Rev. Lisa Cook is a second-career minister. When she worked in the corporate world, her relationship to homelessness wasn’t what it is now.
“I would have to walk from my building on Second Avenue down past Broadway,” she says, “and that was my first experience in realizing that … there were people outside and, you know, the only people outside [late at night] then … were the people who lived there.”
She says she was afraid of the people she saw sleeping on the streets. She never talked to them and they left each other alone. Now, she says, she’s making up for lost time.
There are well over 100 campsites in Davidson County where unhoused people live year-round. The sweltering heat of southern summers is one thing — we know that’s coming — but our winters can be dangerously challenging. Now, with Sacred Sparks Ministry, Rev. Cook supports people with low income — including Angie Basham who lives in a tent.
“She is someone who will not go into shelters,” Cook says, “so she uses this propane with heaters to stay warm when it’s really cold outside.”
For Cook, a day dropping off fuel is really just like any other day. As a street chaplain, she provides essential food, resources and laundry service to folks living in extreme poverty. She says “all three of those are done under the umbrella of pastoral care and relationships, which is what this ministry is really founded on.”
At her campsite, Basham says the new, larger propane tank lasted at least three to four cold days, which is “way better than the little green ones.”
The main focus of Cook’s ministry is laundry, and Basham jumps at the chance to get everything clean before moving to a new tent.

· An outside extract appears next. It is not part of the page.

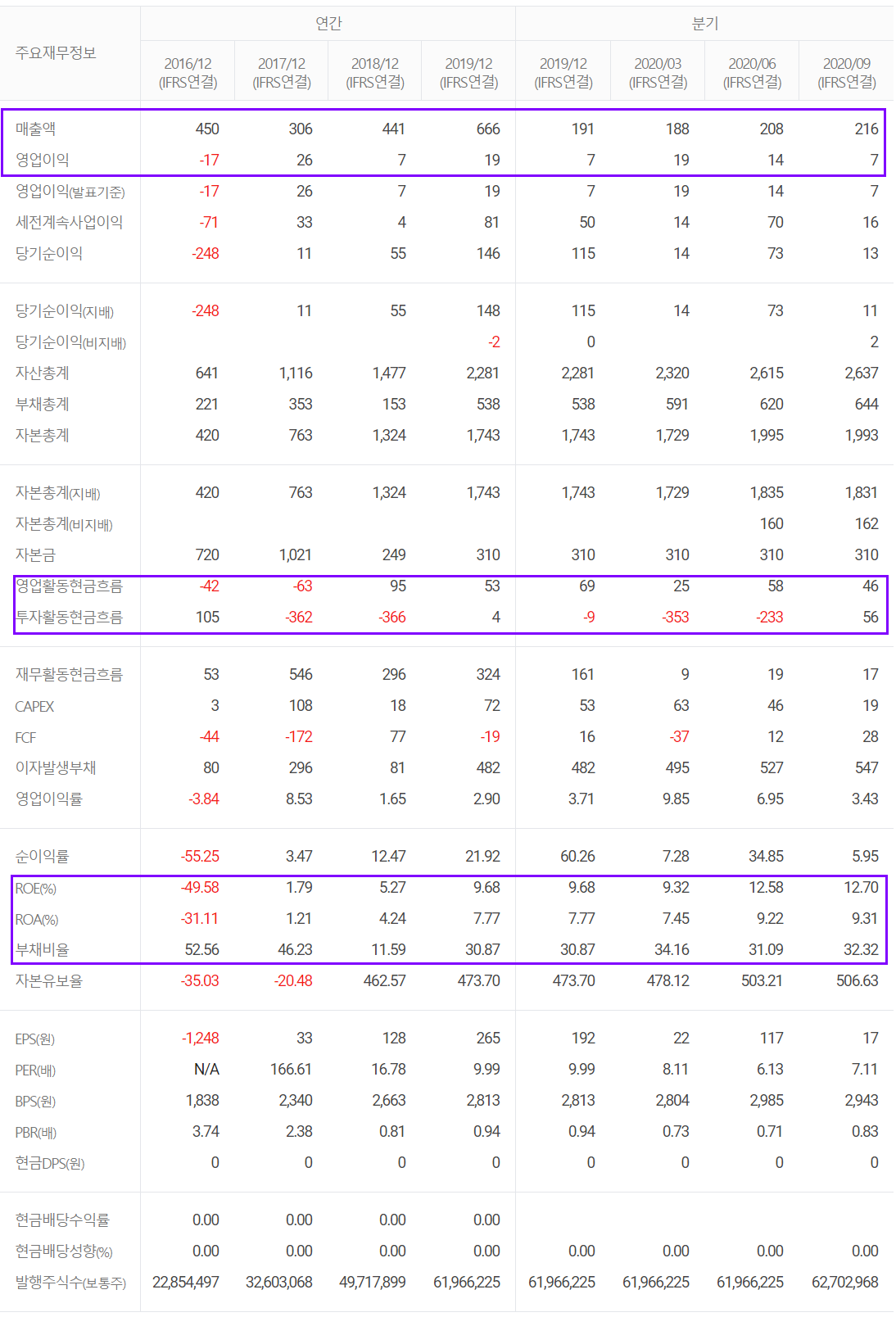 감사가 끝나고 2020년 최종보고서가 나오면 알겠지만, 오성첨단소재는 지난 2017년부터 매출액도 꾸준히 상승 중이고 특히 이익률이 획기적으로 좋아지면서 전반적인 현금흐름 등도 양호한 흐름을 보이고 있습니다. 부채비율 30%대를 유지함과 동시에 2020년 3분기 말 기준 현금성 자산이 368억 원을 보유하며 안정적인 재무구조를 가지고 있고, ROE, ROA, EPS 등의 흐름도 양호한 흐름을 유지하고 있습니다.

It’s red and brown and on a little bit of an incline which is going to help in the rain. This is something she’s learned in her years living outside, and she gives some advice for people, like her, who are trying to stay as warm as possible when the temperatures drop.
Basham says she takes flat bedsheets and safety pins them across the roof on the inside, “now it acts as insulation,” she says. “It’s because the roofs are netting, and then you got the canopy that goes over it. If you take the bedsheets and safety pin them, you got a barrier … and it blocks the air.”
“You got to adapt to your surroundings,” Basham says, and walks Cook back toward her van — telling her she loves her.